Shahrizal Saad

Personal information
- Full name: Shahrizal bin Mohd Saad
- Date of birth: 5 June 1987 (age 39)
- Place of birth: Perak, Malaysia
- Height: 1.73 m (5 ft 8 in)
- Position: Forward

Youth career
- 2004–2007: Perak FA President's Cup

Senior career*
- Years: Team / Apps / (Gls)
- 2007–2011: Perak / 17 / (7)
- 2011–2012: Johor Darul Ta'zim / 22 / (5)
- 2012–2013: Felda United / 10 / (1)
- 2013–2014: Perak
- 2015: Negeri Sembilan
- 2016: Felcra
- 2017: Perlis
- 2018: Hanelang

International career^{‡}
- 2011: Malaysia / 2 / (0)

= Shahrizal Saad =

Malaysian footballer

Shahrizal bin Mohd Saad (born 5 June 1987) is a Malaysian former professional footballer who played as a forward.

==Career==
Shahrizal started his career at Perak FA and he also played for the Perak President Cup team at the youth level. He was one of the players in the Perak President Cup who win the competition in 2007. Scoring 12 goals, he was the second top scorer in the team behind Razali Umar Kandasamy.

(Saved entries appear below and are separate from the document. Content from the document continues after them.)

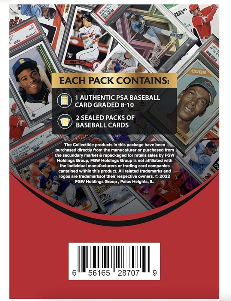 Mike Trout PSA Graded Card Mystery Power Pack: Each Pack Contains 1 Mike Trout PSA Graded Baseball Card with a grade of 8 , 9 or 10 and 2 Sealed Packs of baseball cards! Packs will be Panini, Topps, Donruss, Upper Deck or Fleer ranging in years from 1982-2022. Zoo Packs makes sure you get your money's worth so you will get a HIGH Grade card. Don't worry about receiving a grade of 7 or even LOWER. It costs $30 and a wait time of a year if you wanted to get your own card graded by PSA. The reviews will speak for themselves as they start to come in so don't miss out!
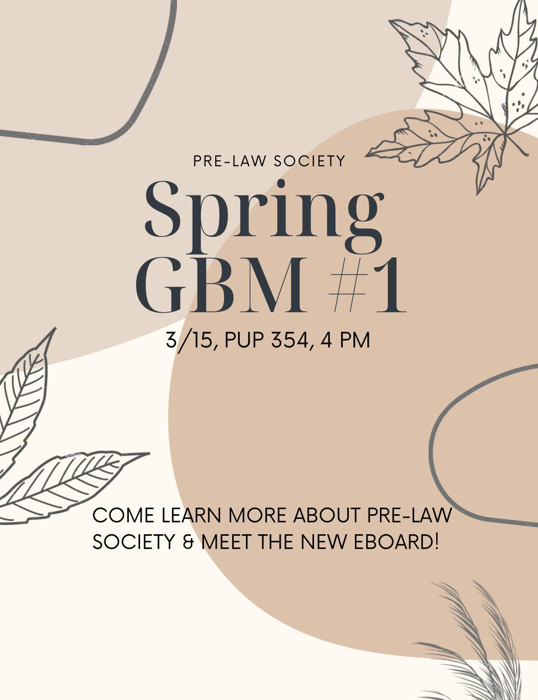 Hello to everyone!! The Pre-Law Society will be holding its first Spring General Body meeting on Wednesday, March 15th. There will also be refreshments served and a lot of information shared. We all hope to see you there.
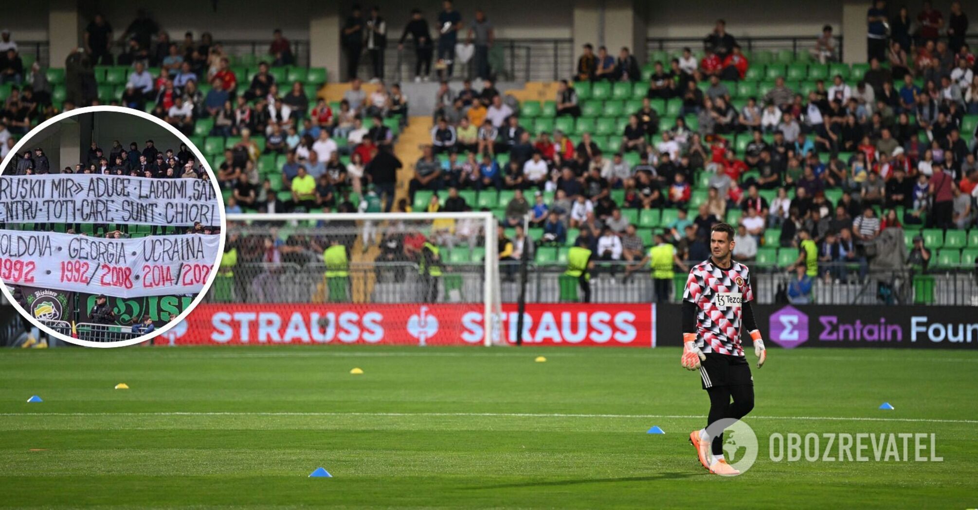"Russian World brings tears, blood and horror to those who are blind". Anti-Russian banner hung at football match in Moldova
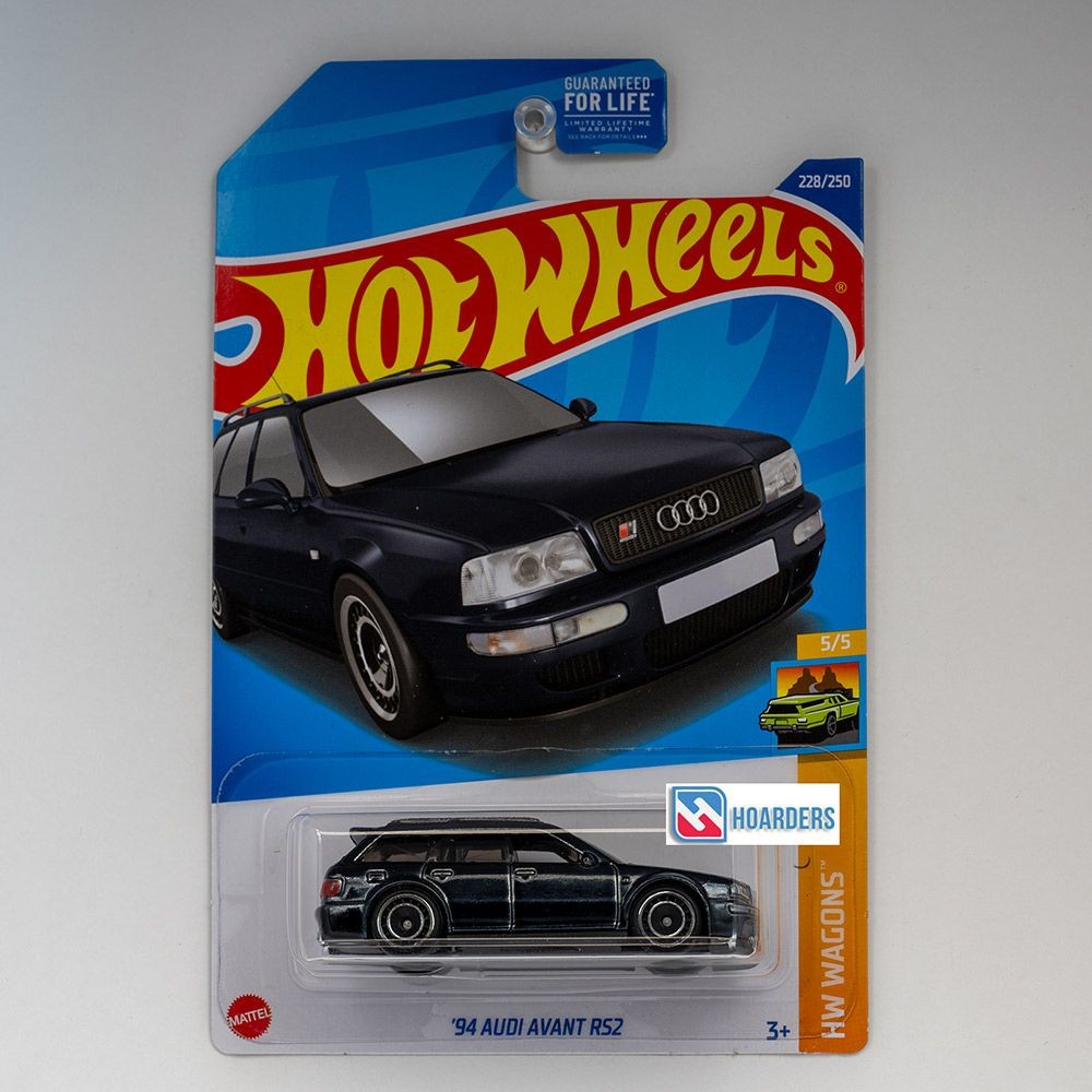Hot Wheels Audi Avant RS2 ’94 Super Treasure Hunt released by Mattel in 2022 as part of the HW Wagons series. This 1:64 scale premium variant features a Spectraflame brilliant black finish, full metal/metal construction, and Real Riders rubber tyres. Numbered 5 of 5 in the HW Wagons subset, this Super Treasure Hunt edition was issued on a long card and represents the premium chase version of the standard release within the 2022 Hot Wheels mainline assortment.

He played for Johor FC in 2012 and Felda United in 2013, before rejoining Perak for the 2014 season.
In 2015, he player for Negeri Sembilan FA in the Malaysia Premier League.

==International career==
He made his debut for the Malaysia national team, when he entered the friendly match against Hong Kong as a late substitute for Safee Sali, on 9 February 2011.

==Personal life==
Shahrizal is the older brother of Shahrul Saad. They also have another brother who is the former Perak FA and Terengganu FA player, Syamsul Saad.